-------- Data shown
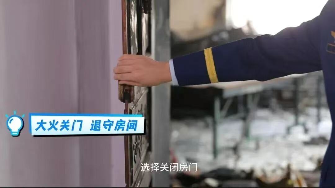 -先别急着开门,用手背摸一下门板:如果发烫,说明火已逼近,室外温度较高,坚决不能开;
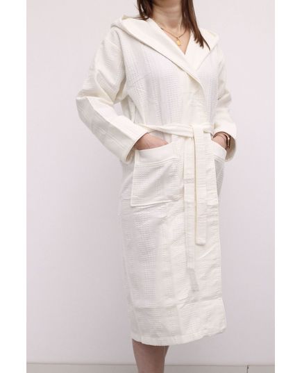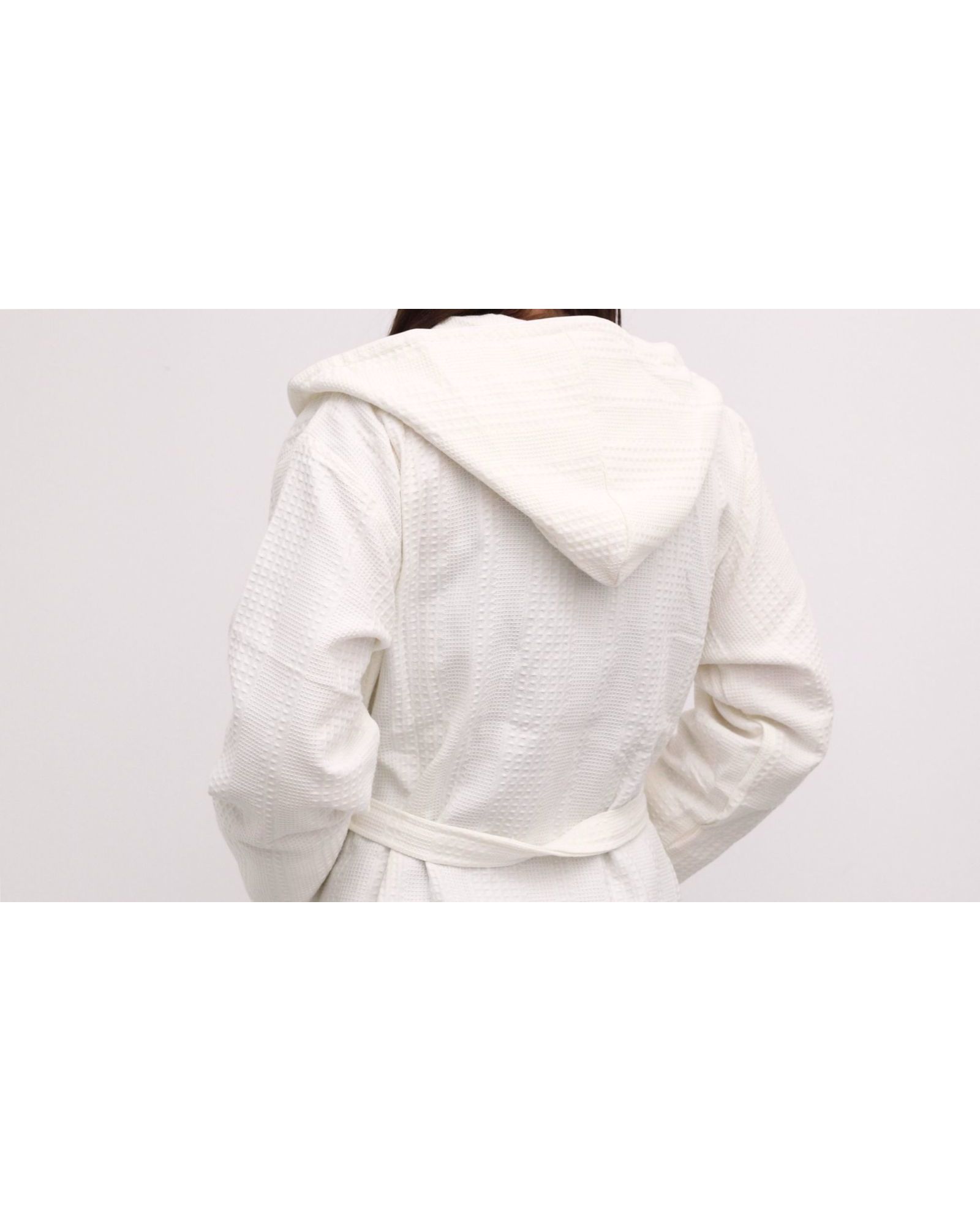 Женский вафельный халат на запах с капюшоном — лёгкий и удобный вариант для дома, сауны или СПА. Изготовлен из 100% хлопка, халат хорошо впитывает влагу, быстро сохнет и приятен к телу. Фасон на запах обеспечивает комфортную посадку, а капюшон добавляет практичности и уюта. Нежный молочный цвет подчёркивает аккуратный и элегантный внешний вид изделия.
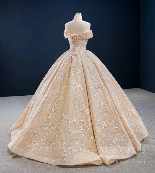 <transcy>Vestidos de quinceañera de champán brillante con hombros descubiertos Vestido de fiesta FD2432</transcy>
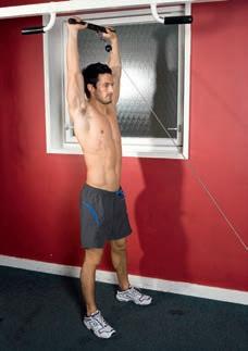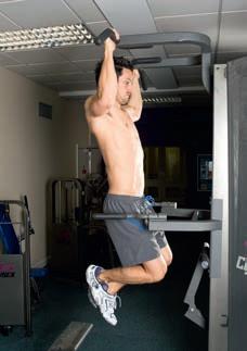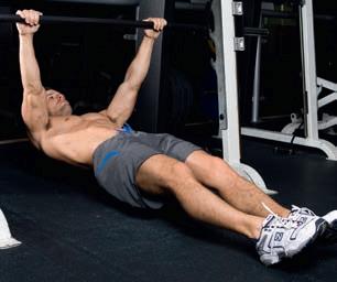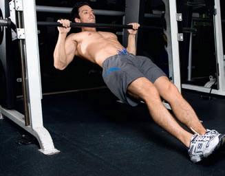 Work against your own bodyweight in this classic test of strength. The overhand grip ensures most of the work is done by your back and not your arms. Target: lats, traps, rhomboids
----------------
▶ _Problem statement_: Line for line, retype the material exactly, omitting any pictures.

▶ _Task solution_:
 -先别急着开门,用手背摸一下门板:如果发烫,说明火已逼近,室外温度较高,坚决不能开;
 Женский вафельный халат на запах с капюшоном — лёгкий и удобный вариант для дома, сауны или СПА. Изготовлен из 100% хлопка, халат хорошо впитывает влагу, быстро сохнет и приятен к телу. Фасон на запах обеспечивает комфортную посадку, а капюшон добавляет практичности и уюта. Нежный молочный цвет подчёркивает аккуратный и элегантный внешний вид изделия.
 <transcy>Vestidos de quinceañera de champán brillante con hombros descubiertos Vestido de fiesta FD2432</transcy>
 Work against your own bodyweight in this classic test of strength. The overhand grip ensures most of the work is done by your back and not your arms. Target: lats, traps, rhomboids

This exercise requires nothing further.